##### The input
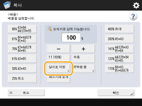 ![]() | 규격 외 문서 또는 투명도가 높은 문서를 복사하고자 하는 경우, 또는 수동 급지대에 설정된 용지로 복사하고자 하는 경우 용지를 수동으로 선택해야 합니다. |
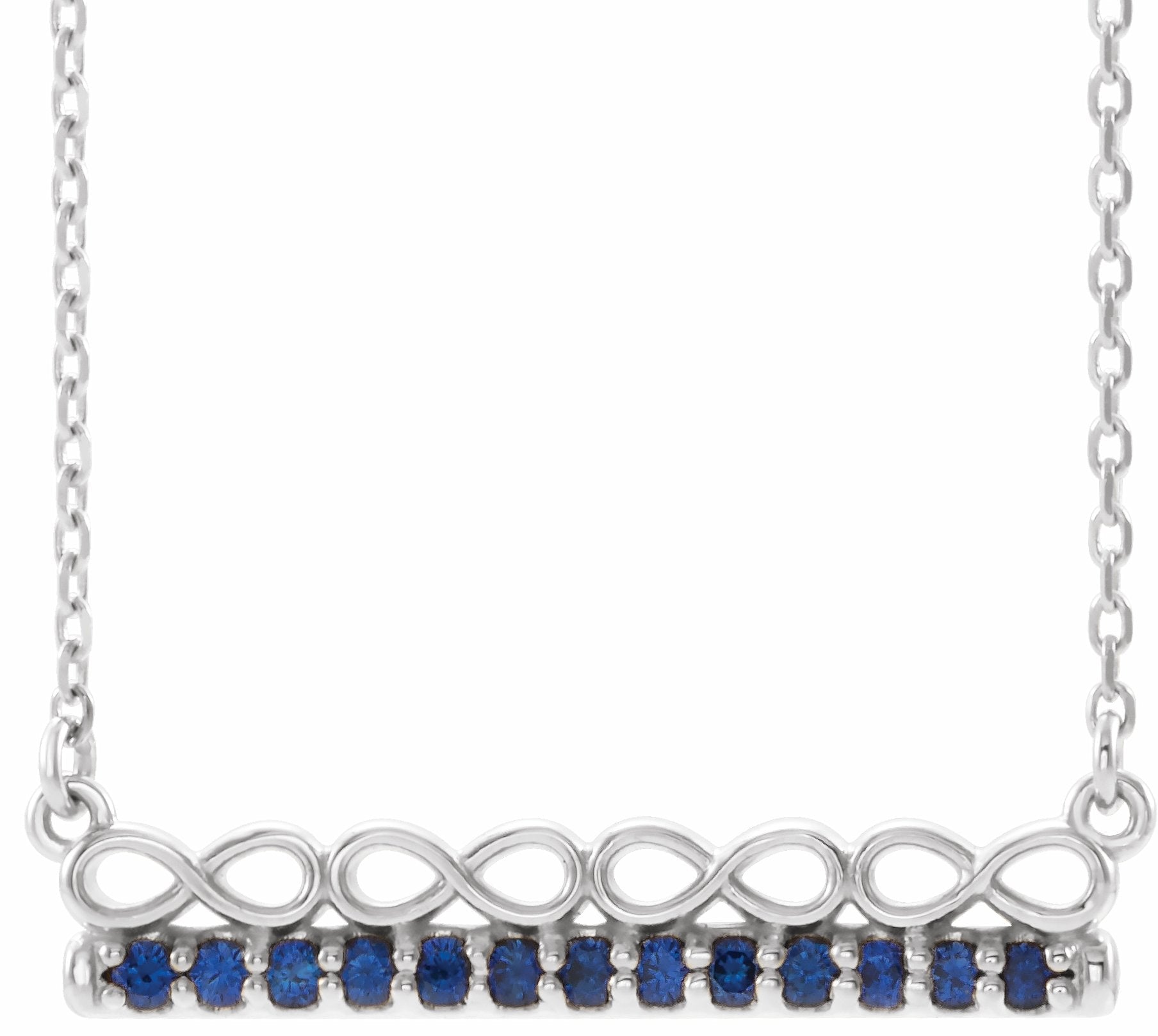 14K White Blue Sapphire Infinity-Inspired Bar 18 Necklace - 86823615P
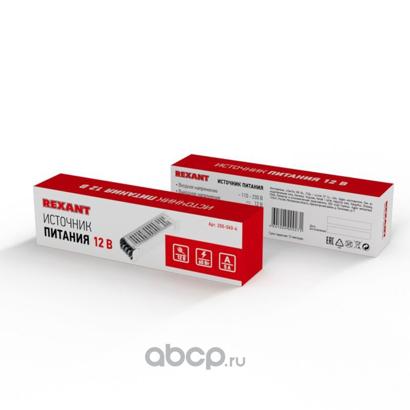 Источник питания компактный 12 V 60 W с разъемами под винт, без влагозащиты (IP23)
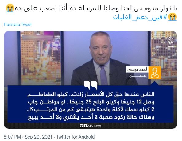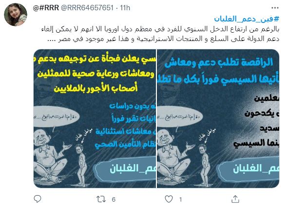 وقارن احمد السيد الدندراوي @pH2bkvHD99i9oIG بين مصر ودول أخرى فكتب "الدعم الموجود في دول العالم التي تقوم على الرأسمالية و السوق الحر  حماية للشعب من مفاهيم العبودية الدونية و هذا غير موجود في مصر عن عمد و قصد ".
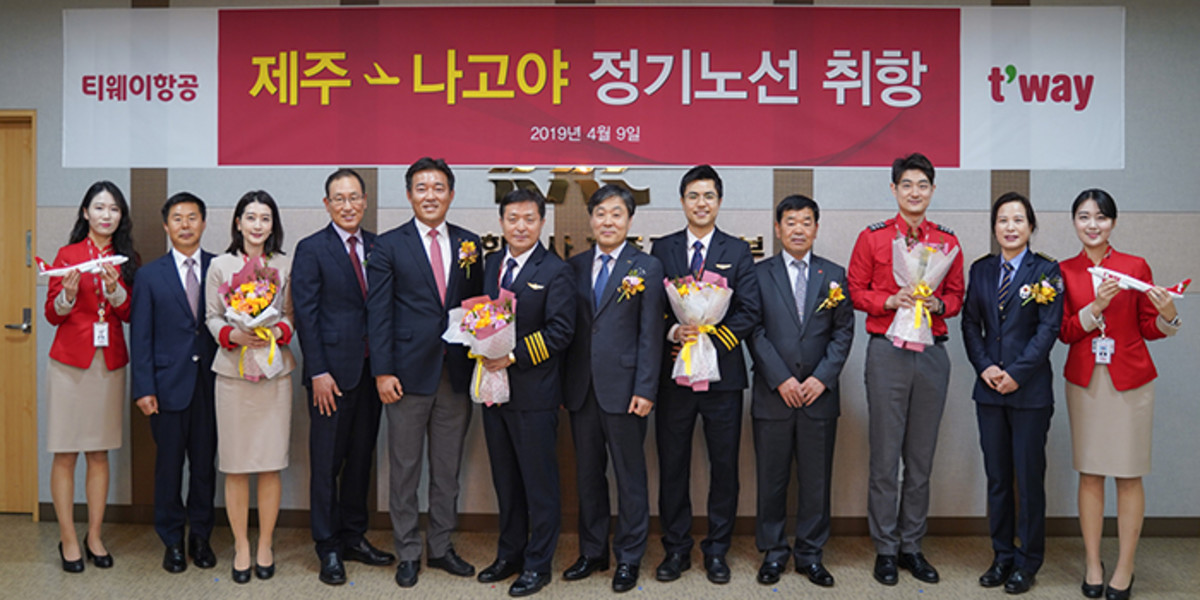 티웨이항공은 제주-나고야 신규 취항을 기념해 9일 오후 제주국제공항에서 김수봉 한국공항공사 제주지역본부장, 김형이 티웨이항공 경영본부장 등 관계자들이 참석한 가운데 취항식 행사를 진행했다.
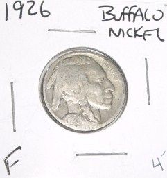 1926 BUFFALO NICKEL RED BOOK VALUE IS $4.00+ *NICE EARLY FINE GRADE NICKEL*!! NICKEL CAME OUT OF SAFE!! ***Coin, Currency & All Items Listed in this auction - Grades, Conditions and Values are not Safe Deposit Coins LLC Responsibilty. Grades, Condition and Values are determined by Consigner(s) & Buyers ONLY
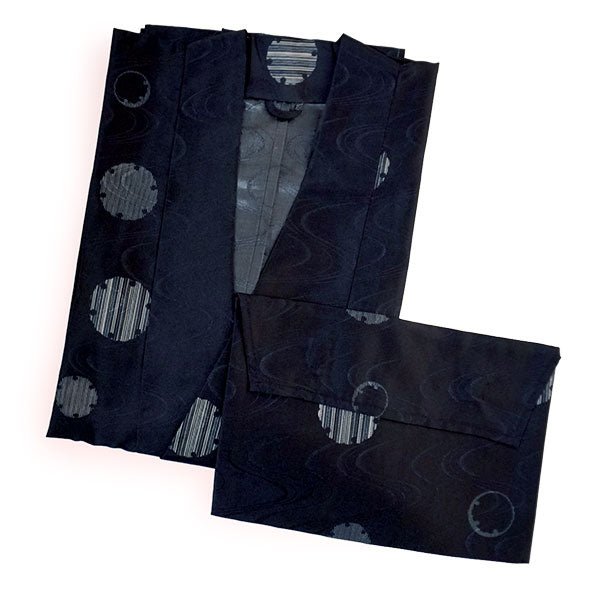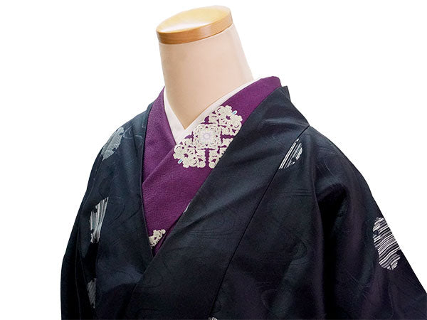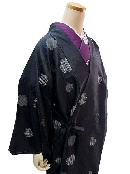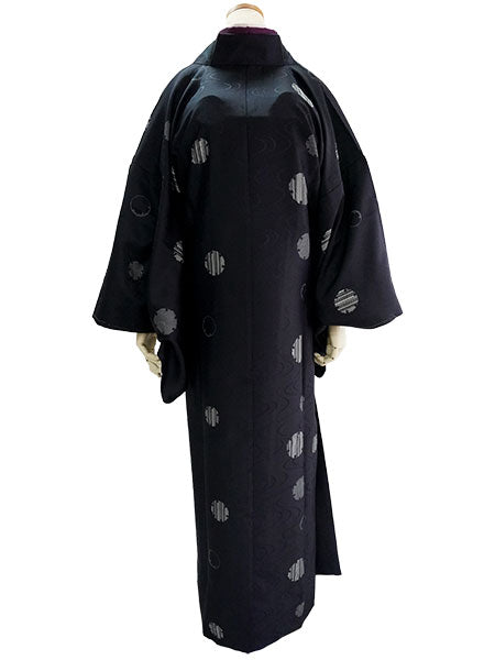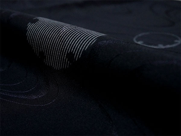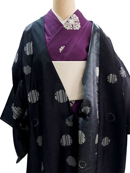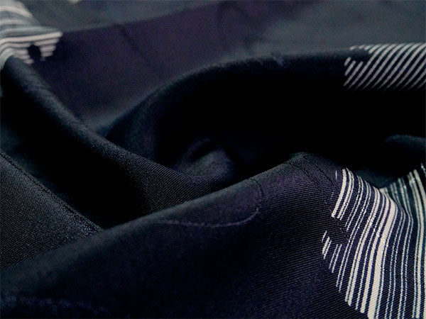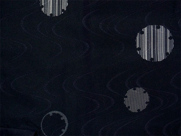 黒に近い濃藍色の地に、流水地紋が施され、白の雪輪取りの縦縞が散らされています。程よい柄感が上品で、使いやすい雰囲気のコートです。 やや光沢感がある生地感です。 |
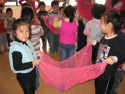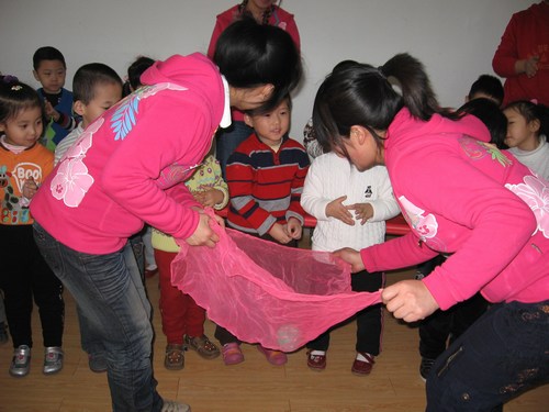 老师先教给我们玩摇元宵的游戏
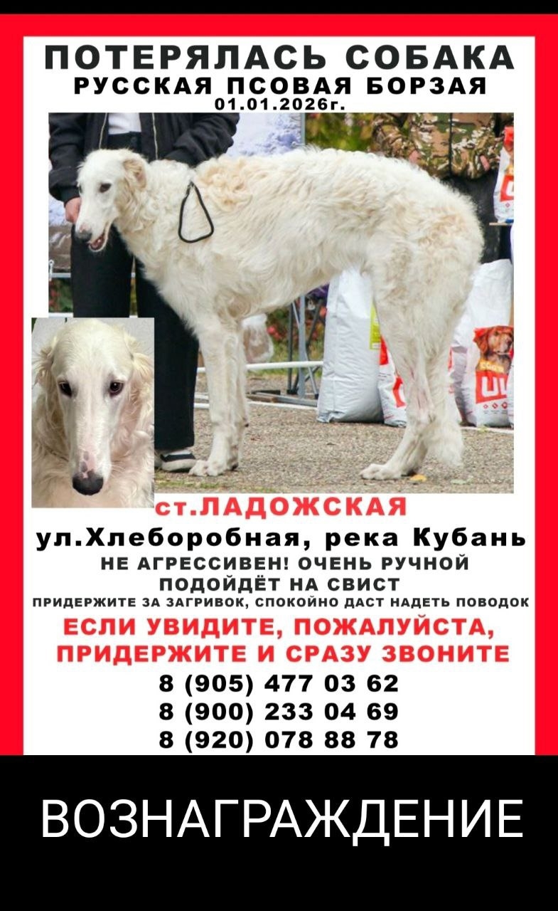 Срочно!!! Будем благодарны за распространение информации! Друзья уже месяц ищут любимую собаку. Кобель русской псовой борзой, мог убежать далеко и заблудиться. Нашедшему вознаграждение! Звоните круглосуточно! Нам важна любая информация о местонахождении собаки.
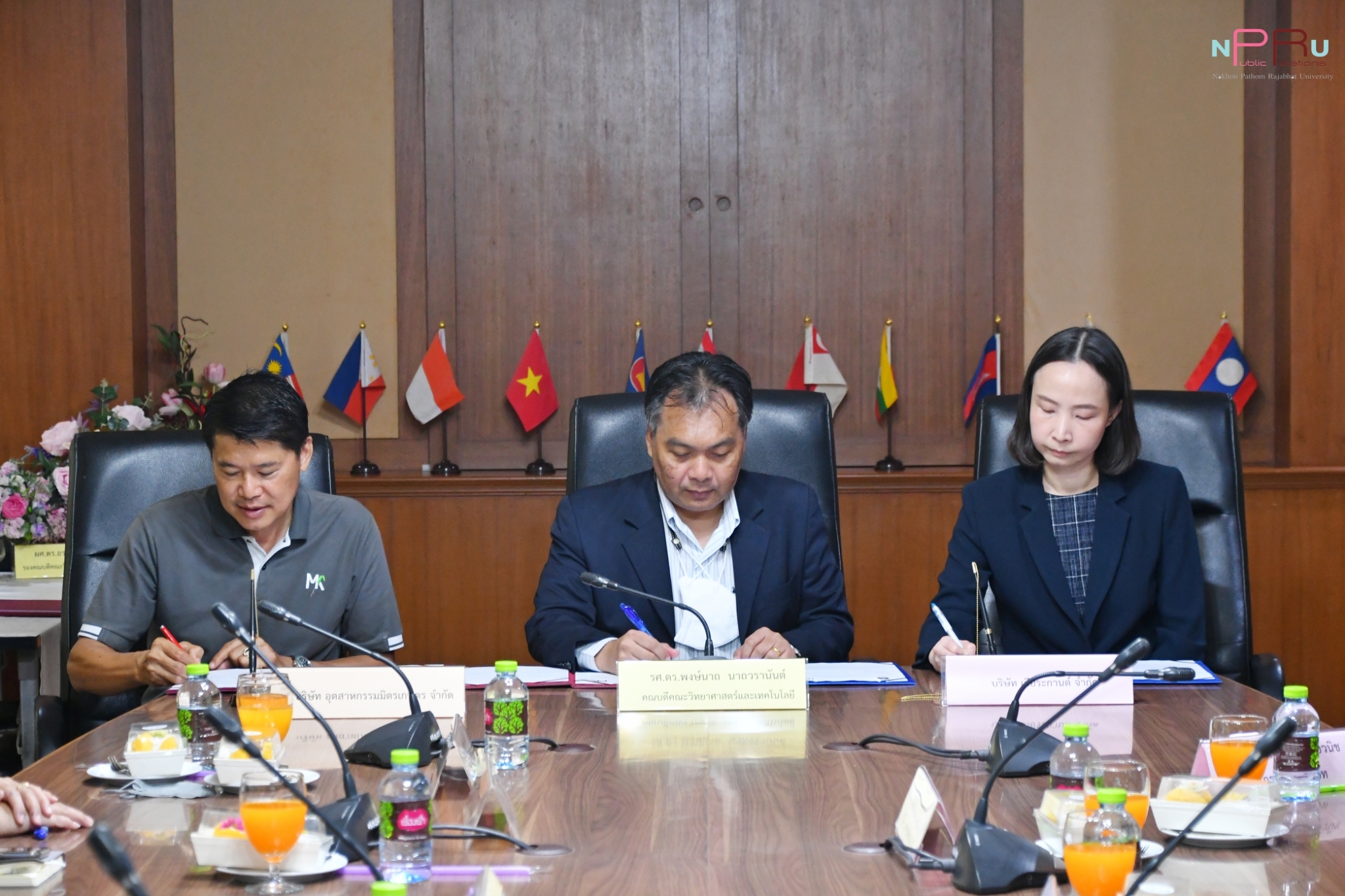 หน่วยสหกิจศึกษาคณะวิทยาศาสตร์และเทคโนโลยี มหาวิทยาลัยราชภัฏนครปฐม จัดพิธีลงนามบันทึกข้อตกลงความร่วมมือ (MOU) ในการส่งนักศึกษาเข้ารับการฝึกประสบการณ์วิชาชีพ / ฝึกปฏิบัติงานวิชาชีพ / สหกิจศึกษา ระหว่างมหาวิทยาลัยราชภัฏนครปฐม โดย รองศาสตราจารย์ ดร.พงษ์นาถ นาถวรานันต์ คณบดีคณะวิทยาศาสตร์และเทคโนโลยี กับ บริษัท อุตสาหกรรมมิตรเกษตร จำกัด โดย นายปรัชญา ผ่องใส ผู้อำนวยการโรงงาน และ บริษัท เยียระกานต์ จำกัด โดย นางสาวมัลลิกา สุธีรวิทยวนิช กรรมการบริษัท ในวันที่ 18 ตุลาคม 2566 ณ ห้องประชุม SC108 คณะวิทยาศาสตร์และเทคโนโลยี มหาวิทยาลัยราชภัฏนครปฐม
##########
Leave the pictures out and repeat exactly the lines from the beginning of the records to the line bearing "وقارن احمد السيد", both ends counted.

 ![]() | 규격 외 문서 또는 투명도가 높은 문서를 복사하고자 하는 경우, 또는 수동 급지대에 설정된 용지로 복사하고자 하는 경우 용지를 수동으로 선택해야 합니다. |
 14K White Blue Sapphire Infinity-Inspired Bar 18 Necklace - 86823615P
 Источник питания компактный 12 V 60 W с разъемами под винт, без влагозащиты (IP23)
 وقارن احمد السيد الدندراوي @pH2bkvHD99i9oIG بين مصر ودول أخرى فكتب "الدعم الموجود في دول العالم التي تقوم على الرأسمالية و السوق الحر  حماية للشعب من مفاهيم العبودية الدونية و هذا غير موجود في مصر عن عمد و قصد ".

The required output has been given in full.